Oxytocin (OT) / none

Neuropeptide that down-regulates activity of the amygdala, the anxiety-centre of the brain. Thought to have an important role in social cognition and mood, possibly responsible for “motherly” stereotypical behaviors. Also responsible for uterine contractions during childbirth and menstrual cramps. Can cause spontaneous miscarriage by this mechanism.

Arginine Vasopressin (AVP) / none

Triggers pair-bonding, jealousy, and other ‘male’ stereotypical behaviors. Also acts on the kidney to regulate water retention

Dopamine & TRH /

Prolactin Hormone

Dopamine is the Prolactin inhibiting hormone while Thyrotropin-releasing hormone serves a dual role as the stimulating hormone. Prolactin is nominally responsible for lactation during breast feeding but perhaps more interesting is responsible for sexual satisfaction and orgasm in both men and women.

Gonadotropin-Releasing Hormone (GnRH) /

Luteinizing Hormone

Triggers ovulation in females, with associated drop in estrogen and rise in progesterone. Triggers release of testosterone in males.

The study did test for thyrotropin (TSH) and didn't find any significant association between anti-pituitary antibodies and basal metabolic dysfunction at the hypothalamus/pituitary axis. However, some 10 % of the patient population did have thyroid disease which is far above the general population average (of around 1 %). Hypophysitis tends to develop over time, with more and more functions being damaged, so these results may simply be representative of the young age of the patients (average age was ~ 6 years old).

In general, persons with one autoimmune disorder are at much higher risk to develop other immune disorders. It would take more effort and text to explain why this is than I'm willing to expand here so I will simply claim this is a fact. It seems that Iughetti has been on the case of co-morbid endocrine disorders associated with celiac disease for quite awhile (Iughetti, 2003). If you go to the Wikipedia page for gluten sensitivity you will see an entire section on "idiopathic gluten-sensitivity." A lot of this could possibly be traced back to autoimmune disease of the pituitary gland.

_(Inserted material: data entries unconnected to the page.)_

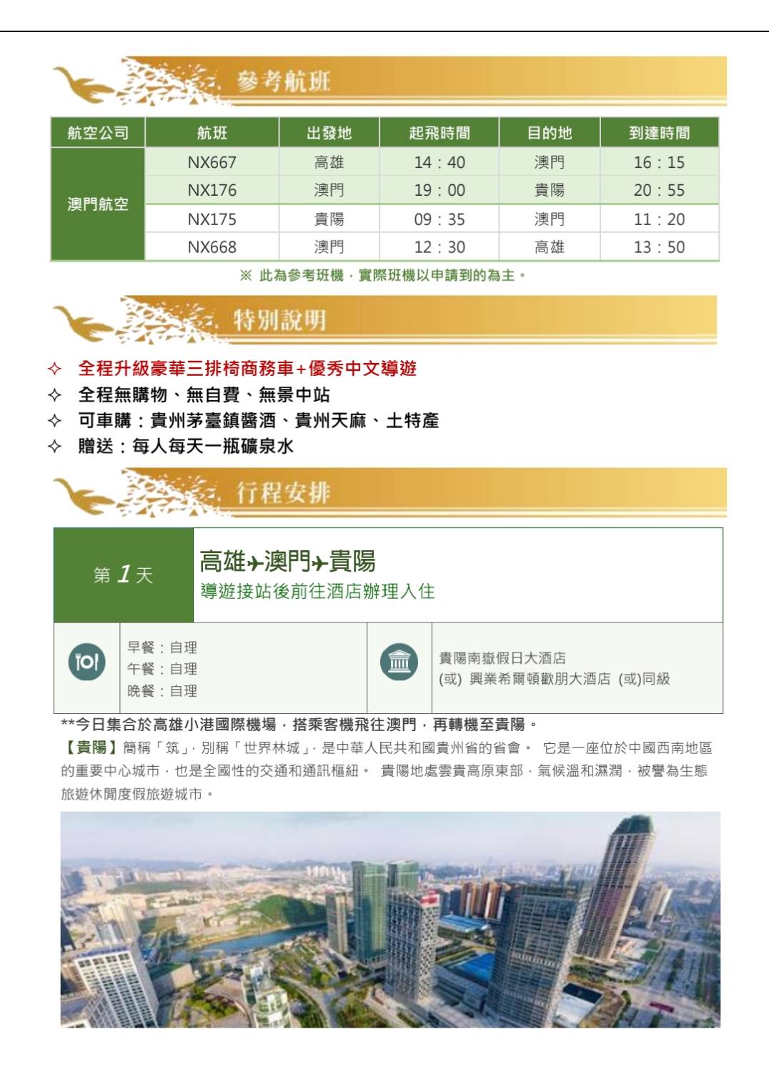 行程班機時間及降落城市與住宿飯店之確認以說明會為主。
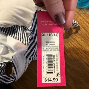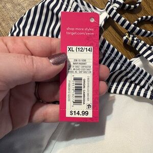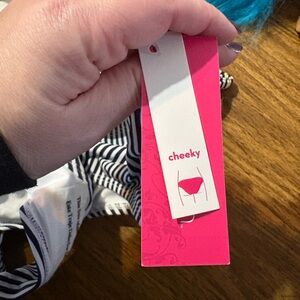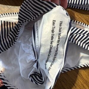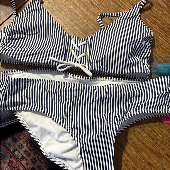 Stylish black and white striped bikini set. Features a lace-up front detail. Brand new Bikini XL. Open to reasonable offers, especially if bundling with other items I have listed!
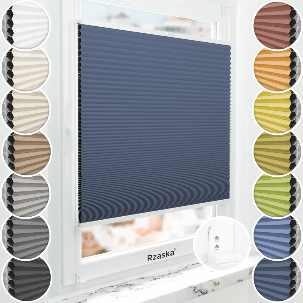 - Cechy rolety plisowanej Rząska® BLACKOUT plaster miodu: całkowite zaciemnienie pomieszczenia (bez widocznych otworów i sznurków napinających tkanine), ochrona przed ciepłem i zimnem (funkcja termoizolacyjna), izolacja dźwięku (ulepszona akustyka pomieszczenia), wysoki potencjał oszczędności energii; Płynna regulacja (góra/dół), podwójne sznurowanie (większa stabilność), specjalistyczne profile aluminiowe (bez wyginania/łamania), wstępnie złożona (brak potrzeby przewlekania sznurków rolety ani czasochłonnego montażu wielu pojedynczych części).
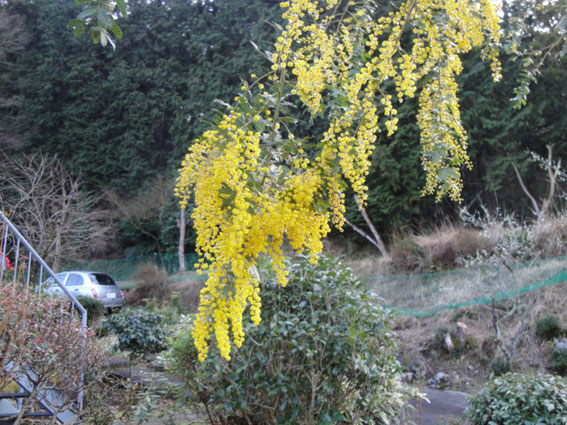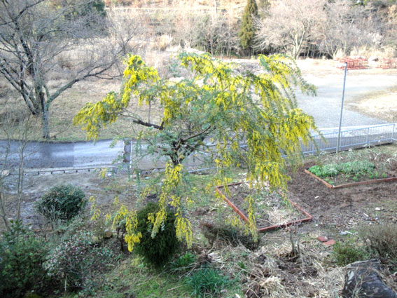 ミモザが開花した。黄色の小さな花が房状に枝を飾る。別名「銀葉アカシヤ」とも言う。昨年、枝の半分を思い切って強剪定した。成長が早く、放置しておくと細かい葉を付けた枝が大きく張り出して、菜園の日照を遮るからだ。さらに、花の黄色が鮮やか過ぎて、周りの素朴な景色と調和してない。この樹はどちらかというと都会向きではないかと思う。いずれにしても私の好みではない。
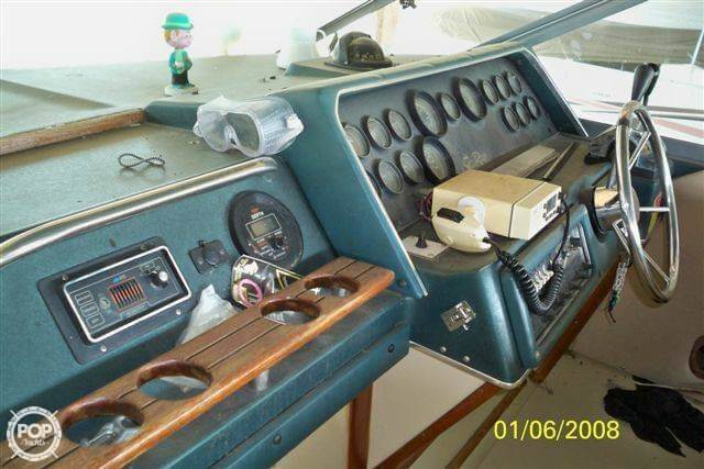 This boat is located in West Point, Mississippi and is in decent condition. She is also equipped with twin Mercruiser engines that have only 50 hours.
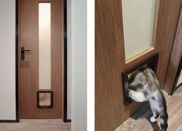 门上定制喵星人进入专用的小门洞,不影响门的关闭
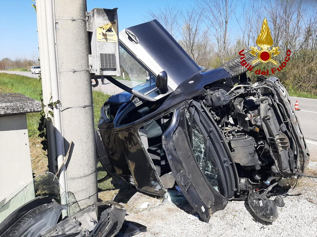 VILLA DEL C0NTE (PADOVA). Alle ore 10:45, di lunedì, i vigili del fuoco sono intervenuti lungo la SP 58 in Via Guglielmo Marconi a Villa del Conte in provincia di Padova per un’auto finita rovesciata contro un palo di cemento, dopo la perdita di controllo del mezzo da parte della conducente, rimasta ferita.

I recall that something like 12 % of the general population present anti-gliadin antibodies (gliadin being the offending peptide found in the wheat gluten protein). Celiac disease is only one manifestation of gluten sensitivity and I am quite certain that we will continue to see new conditions linked to gluten sensitivity over the next couple of decades. The secondary plant compounds found in the wheat plant's seed seem to be quite harmful to humans and in my opinion wheat is not suitable for human consumption. Plants, after all, cannot run away so they must rely on armour and toxins to stop animals from eating them. Anyone suffering from an unknown condition that presents as a disrupted hormonal milleu should strongly consider the shotgun approach of a paleolithic diet as a potential solution.